▸ TASK DETAILS
Beginning at the line that contains "NEO feszítővas készlet.", reproduce the entries below exactly, ending with the line that contains "Za brezskrbno praznovanje". Omit each picture.

═════ SUPPLIED DATA

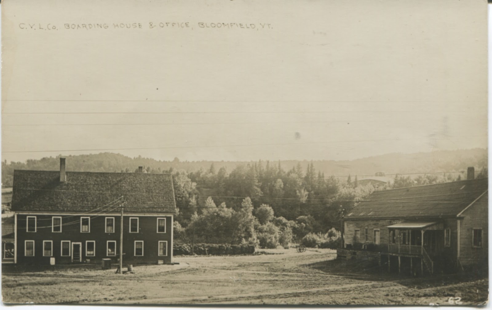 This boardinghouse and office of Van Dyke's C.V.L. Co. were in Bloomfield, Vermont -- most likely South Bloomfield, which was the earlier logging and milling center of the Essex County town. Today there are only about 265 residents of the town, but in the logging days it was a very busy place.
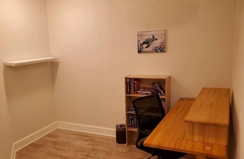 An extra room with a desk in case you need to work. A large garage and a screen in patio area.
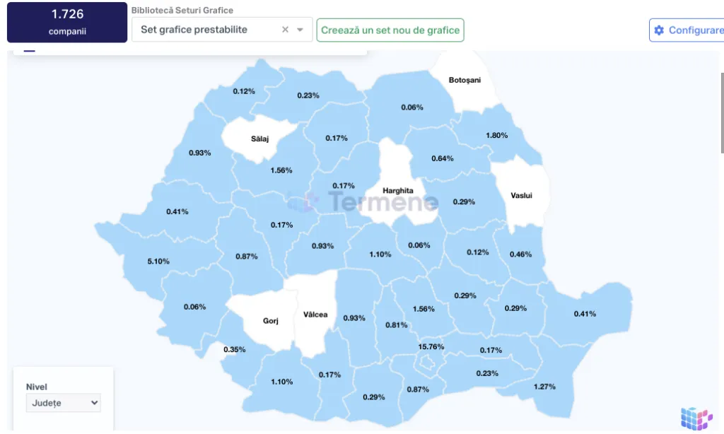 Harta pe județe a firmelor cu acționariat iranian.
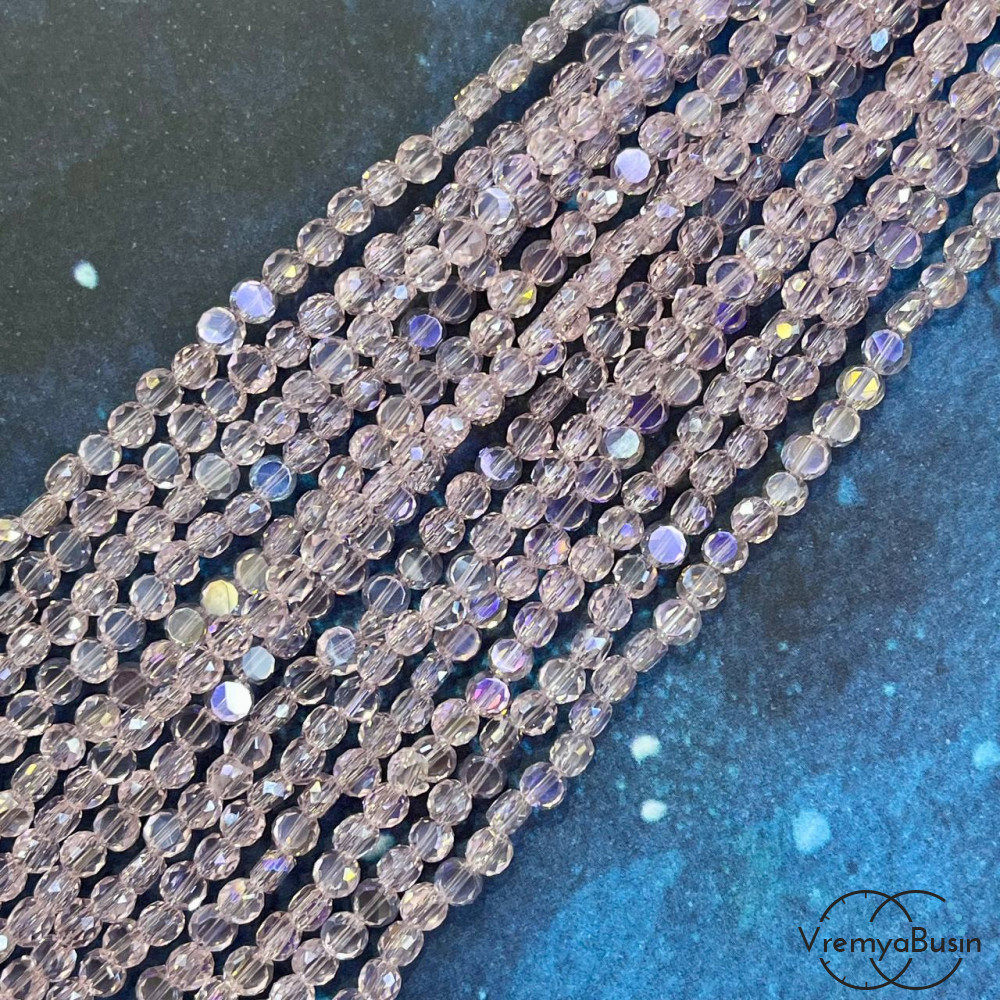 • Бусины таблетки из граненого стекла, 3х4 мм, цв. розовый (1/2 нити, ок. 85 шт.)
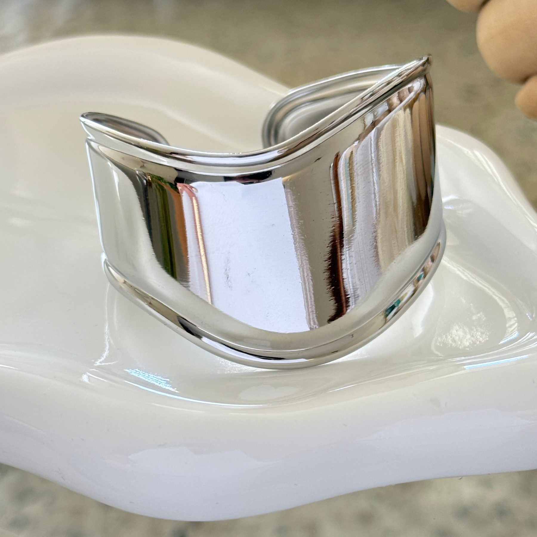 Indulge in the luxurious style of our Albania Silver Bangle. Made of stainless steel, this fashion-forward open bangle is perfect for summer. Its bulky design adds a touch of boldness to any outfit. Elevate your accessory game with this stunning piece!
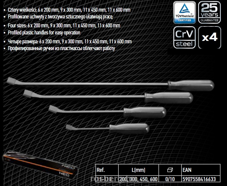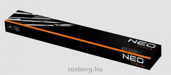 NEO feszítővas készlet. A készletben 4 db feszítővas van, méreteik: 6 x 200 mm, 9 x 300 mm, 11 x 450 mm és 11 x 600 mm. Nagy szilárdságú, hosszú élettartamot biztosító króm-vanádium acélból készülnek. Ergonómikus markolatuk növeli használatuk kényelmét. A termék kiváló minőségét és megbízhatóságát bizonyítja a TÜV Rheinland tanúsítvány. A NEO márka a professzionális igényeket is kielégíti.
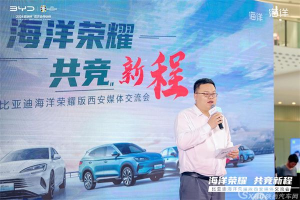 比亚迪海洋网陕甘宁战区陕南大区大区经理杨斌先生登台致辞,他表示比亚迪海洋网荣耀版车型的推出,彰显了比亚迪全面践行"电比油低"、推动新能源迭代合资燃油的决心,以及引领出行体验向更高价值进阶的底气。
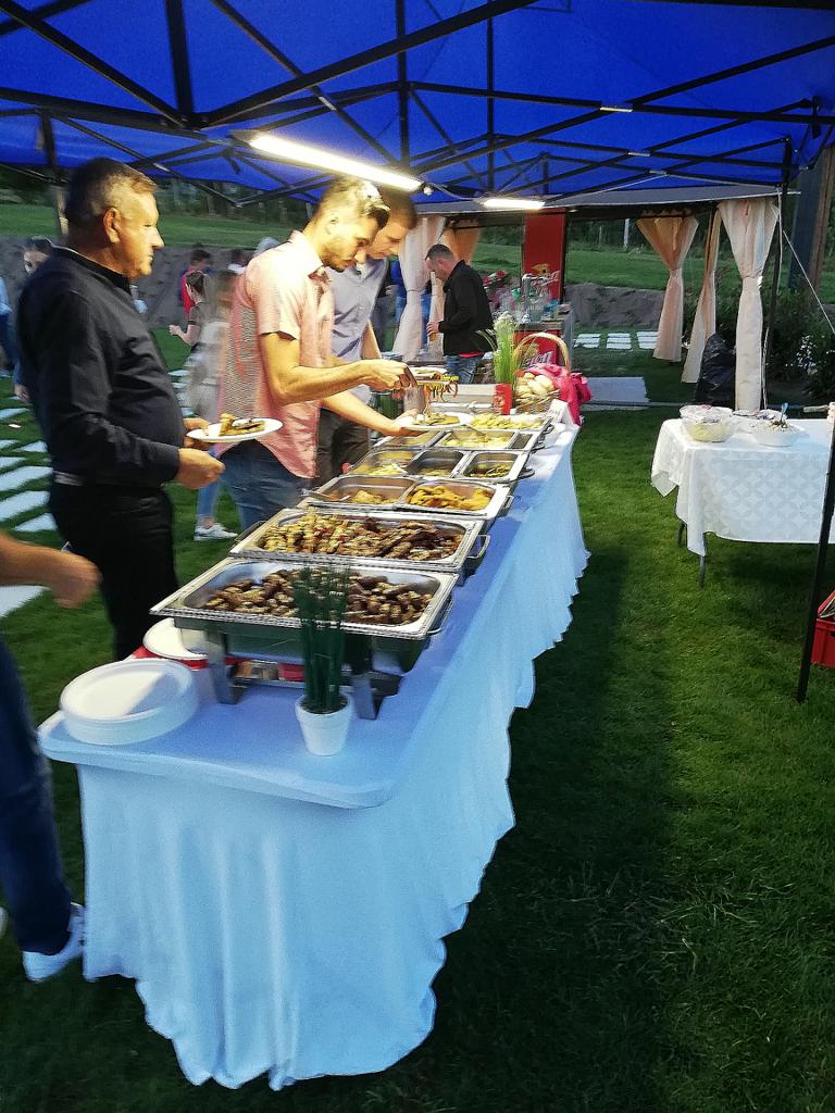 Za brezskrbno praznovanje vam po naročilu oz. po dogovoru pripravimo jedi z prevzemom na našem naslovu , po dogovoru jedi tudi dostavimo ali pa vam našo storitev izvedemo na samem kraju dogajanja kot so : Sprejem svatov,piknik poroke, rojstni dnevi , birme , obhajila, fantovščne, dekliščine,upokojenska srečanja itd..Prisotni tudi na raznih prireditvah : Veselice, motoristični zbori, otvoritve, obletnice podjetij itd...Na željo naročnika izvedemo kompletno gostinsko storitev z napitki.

══════════
═════ SUPPLIED DATA

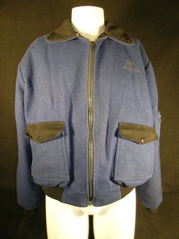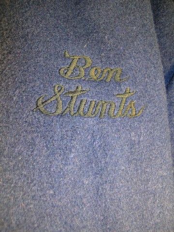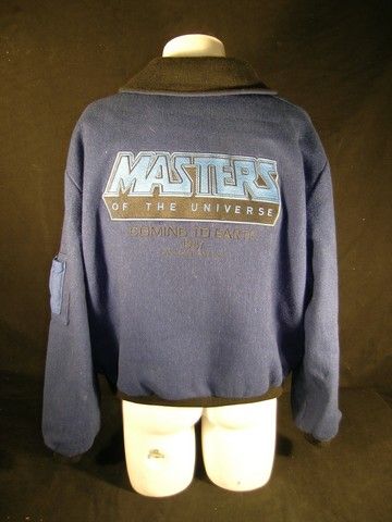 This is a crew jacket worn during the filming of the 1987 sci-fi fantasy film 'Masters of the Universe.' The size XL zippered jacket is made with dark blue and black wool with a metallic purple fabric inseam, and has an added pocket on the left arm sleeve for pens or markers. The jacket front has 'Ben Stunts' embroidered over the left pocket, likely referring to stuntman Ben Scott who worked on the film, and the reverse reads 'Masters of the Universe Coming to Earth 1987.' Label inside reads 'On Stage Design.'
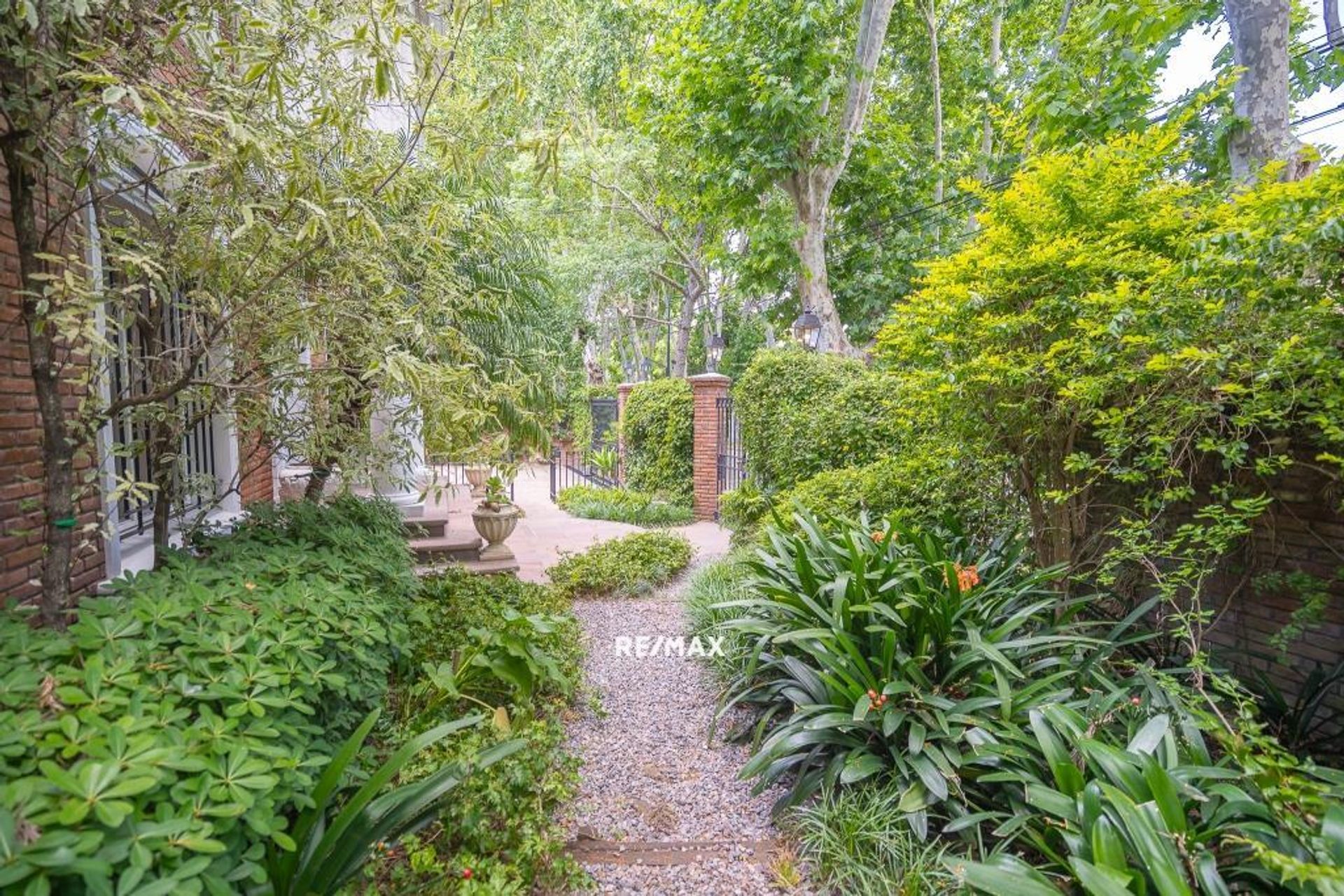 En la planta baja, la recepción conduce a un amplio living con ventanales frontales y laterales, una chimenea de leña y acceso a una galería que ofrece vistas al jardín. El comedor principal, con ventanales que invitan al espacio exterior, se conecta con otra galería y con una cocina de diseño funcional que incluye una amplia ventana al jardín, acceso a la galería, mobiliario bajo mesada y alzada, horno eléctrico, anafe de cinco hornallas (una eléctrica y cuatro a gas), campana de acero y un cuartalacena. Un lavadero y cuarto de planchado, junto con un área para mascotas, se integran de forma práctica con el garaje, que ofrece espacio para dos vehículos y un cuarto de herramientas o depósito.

══════════

▸ YOUR SOLUTION
 NEO feszítővas készlet. A készletben 4 db feszítővas van, méreteik: 6 x 200 mm, 9 x 300 mm, 11 x 450 mm és 11 x 600 mm. Nagy szilárdságú, hosszú élettartamot biztosító króm-vanádium acélból készülnek. Ergonómikus markolatuk növeli használatuk kényelmét. A termék kiváló minőségét és megbízhatóságát bizonyítja a TÜV Rheinland tanúsítvány. A NEO márka a professzionális igényeket is kielégíti.
 比亚迪海洋网陕甘宁战区陕南大区大区经理杨斌先生登台致辞,他表示比亚迪海洋网荣耀版车型的推出,彰显了比亚迪全面践行"电比油低"、推动新能源迭代合资燃油的决心,以及引领出行体验向更高价值进阶的底气。
 Za brezskrbno praznovanje vam po naročilu oz. po dogovoru pripravimo jedi z prevzemom na našem naslovu , po dogovoru jedi tudi dostavimo ali pa vam našo storitev izvedemo na samem kraju dogajanja kot so : Sprejem svatov,piknik poroke, rojstni dnevi , birme , obhajila, fantovščne, dekliščine,upokojenska srečanja itd..Prisotni tudi na raznih prireditvah : Veselice, motoristični zbori, otvoritve, obletnice podjetij itd...Na željo naročnika izvedemo kompletno gostinsko storitev z napitki.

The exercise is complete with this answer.